▶ [GIVEN DATA]
───
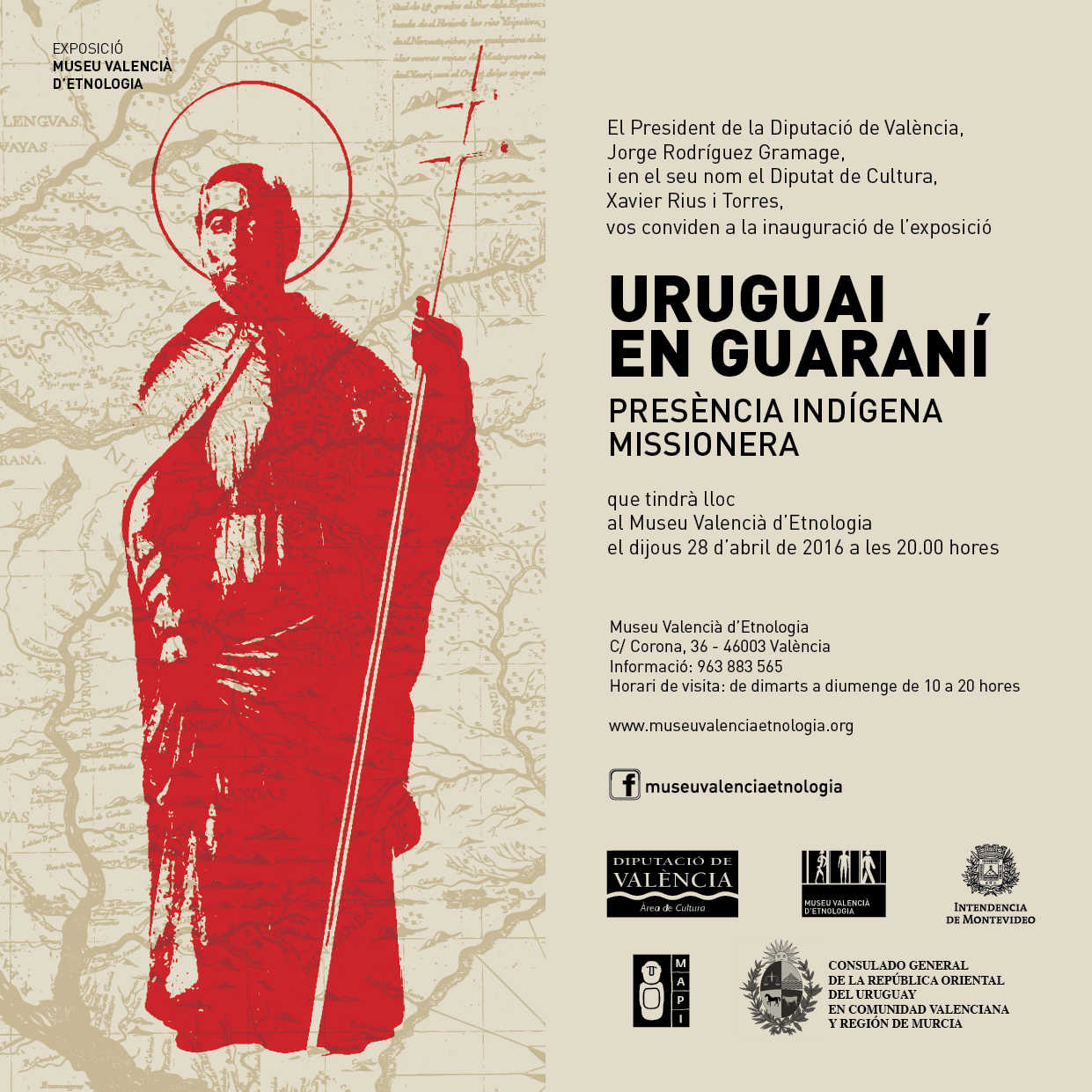 El Museu Valencià d’Etnologia presenta hui a les 20:00 l’exposició “Uruguai en guaraní. Presència indígena missionera”, que permaneixerà en la Sala II del Museu fins al 26 de juny.
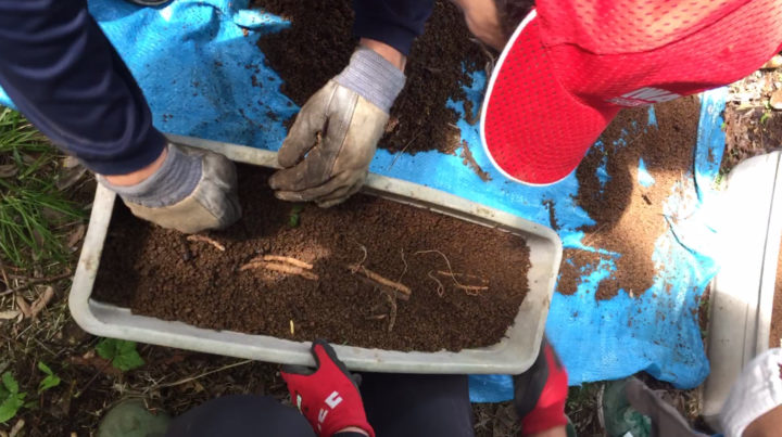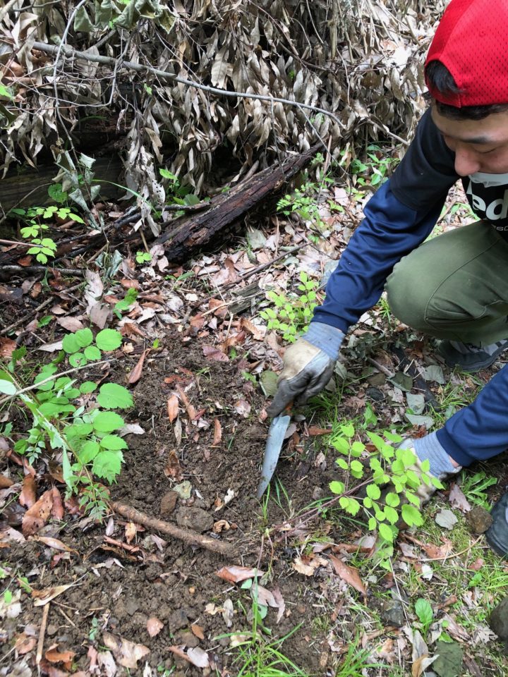 まず構内のタラノキの生え方を観察します。大きなタラノキがあれば、大抵の場合、周囲に子株が生えているのが観察されます。まずはこれが根萌芽で増えたものかを確かめます。掘ってみるとやはりつながっていることがわかりました。今回はこの根を切り取って持ち帰り種根とします。
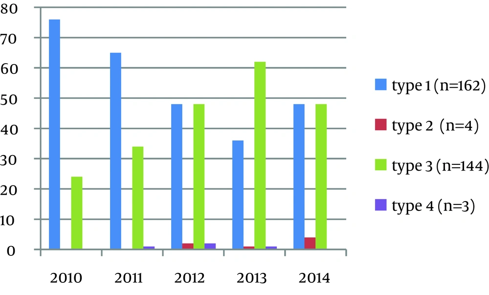 The HCV genotyping has an important role in the selection of appropriate therapy, duration of treatment, and close monitoring of the response to therapy, in patients with chronic hepatitis C infection. The response to interferon therapy, in patients infected with HCV genotypes 1 and 4, is poorer and the duration of treatment is longer, compared to patients infected with genotypes 2 and 3. In addition, patients infected with genotype 1b have been reported to have a higher risk of developing hepatocellular carcinoma. The HCV genotyping, besides shaping the treatment, also provides information regarding the prognosis of the patients (8). Of the 313 patients who were found to be positive for HCV RNA, 67.7% were males, who were significantly predominant among these patients (P = 0.0001). Although other studies conducted in Turkey and Pakistan showed no significant difference in terms of gender, the results of the present study showed male predominance, which was parallel to the findings of a study conducted in Iran (79.6%) (11-13). When genotype distribution was evaluated in terms of gender, genotype 3 showed 95.8% male predominance and type 1 showed 56.7% female predominance. The mean age of the patients in our study was 41.29 ± 20.32 years. This result was consistent with the findings of Hadinedoushan et al. (13), who reported an age range of 21 - 31 years for genotype 1a and the predominance of genotype 3 in all age groups, beyond this age group. The mean age was 55 years in 161 patients with genotype 1. This finding was consistent with the finding of Buruk et al. (11). When the mean age was analyzed separately for each year, the mean age for type 1 was 48 years in 2010, 54 years in 2011, 60 years in 2012, 60 years in 2013, and 62 years in 2014. There was an increase in the mean age, between 2010 and 2014. The mean age was 25 years in 138 patients with genotype 3. There was an increase in the mean age for type 3, when it was analyzed separately for each year. The mean viral load for HCV RNA was 1.9 × 106 IU/mL. There was no significant correlation between viral load for HCV RNA and HCV genotype. Likewise, Hadinedoushan et al. (13) did not report any relationship between viral load and genotype. The genotype distribution pattern in Turkey shows the predominance of genotype 1 (57.6 - 100%). In general, genotype 1 is more common in the interior regions and it is reported to be less common in large cities and in those allowing the flow of immigrants (7, 11, 14-24). The studies related to HCV genotype distribution in Turkey are presented in Table 2Figure 2.
───
▶ [YOUR INSTRUCTIONS] Print the listing exactly, minus its pictures.

▶ [OUTPUT OF THE TASK]
 El Museu Valencià d’Etnologia presenta hui a les 20:00 l’exposició “Uruguai en guaraní. Presència indígena missionera”, que permaneixerà en la Sala II del Museu fins al 26 de juny.
 まず構内のタラノキの生え方を観察します。大きなタラノキがあれば、大抵の場合、周囲に子株が生えているのが観察されます。まずはこれが根萌芽で増えたものかを確かめます。掘ってみるとやはりつながっていることがわかりました。今回はこの根を切り取って持ち帰り種根とします。
 The HCV genotyping has an important role in the selection of appropriate therapy, duration of treatment, and close monitoring of the response to therapy, in patients with chronic hepatitis C infection. The response to interferon therapy, in patients infected with HCV genotypes 1 and 4, is poorer and the duration of treatment is longer, compared to patients infected with genotypes 2 and 3. In addition, patients infected with genotype 1b have been reported to have a higher risk of developing hepatocellular carcinoma. The HCV genotyping, besides shaping the treatment, also provides information regarding the prognosis of the patients (8). Of the 313 patients who were found to be positive for HCV RNA, 67.7% were males, who were significantly predominant among these patients (P = 0.0001). Although other studies conducted in Turkey and Pakistan showed no significant difference in terms of gender, the results of the present study showed male predominance, which was parallel to the findings of a study conducted in Iran (79.6%) (11-13). When genotype distribution was evaluated in terms of gender, genotype 3 showed 95.8% male predominance and type 1 showed 56.7% female predominance. The mean age of the patients in our study was 41.29 ± 20.32 years. This result was consistent with the findings of Hadinedoushan et al. (13), who reported an age range of 21 - 31 years for genotype 1a and the predominance of genotype 3 in all age groups, beyond this age group. The mean age was 55 years in 161 patients with genotype 1. This finding was consistent with the finding of Buruk et al. (11). When the mean age was analyzed separately for each year, the mean age for type 1 was 48 years in 2010, 54 years in 2011, 60 years in 2012, 60 years in 2013, and 62 years in 2014. There was an increase in the mean age, between 2010 and 2014. The mean age was 25 years in 138 patients with genotype 3. There was an increase in the mean age for type 3, when it was analyzed separately for each year. The mean viral load for HCV RNA was 1.9 × 106 IU/mL. There was no significant correlation between viral load for HCV RNA and HCV genotype. Likewise, Hadinedoushan et al. (13) did not report any relationship between viral load and genotype. The genotype distribution pattern in Turkey shows the predominance of genotype 1 (57.6 - 100%). In general, genotype 1 is more common in the interior regions and it is reported to be less common in large cities and in those allowing the flow of immigrants (7, 11, 14-24). The studies related to HCV genotype distribution in Turkey are presented in Table 2Figure 2.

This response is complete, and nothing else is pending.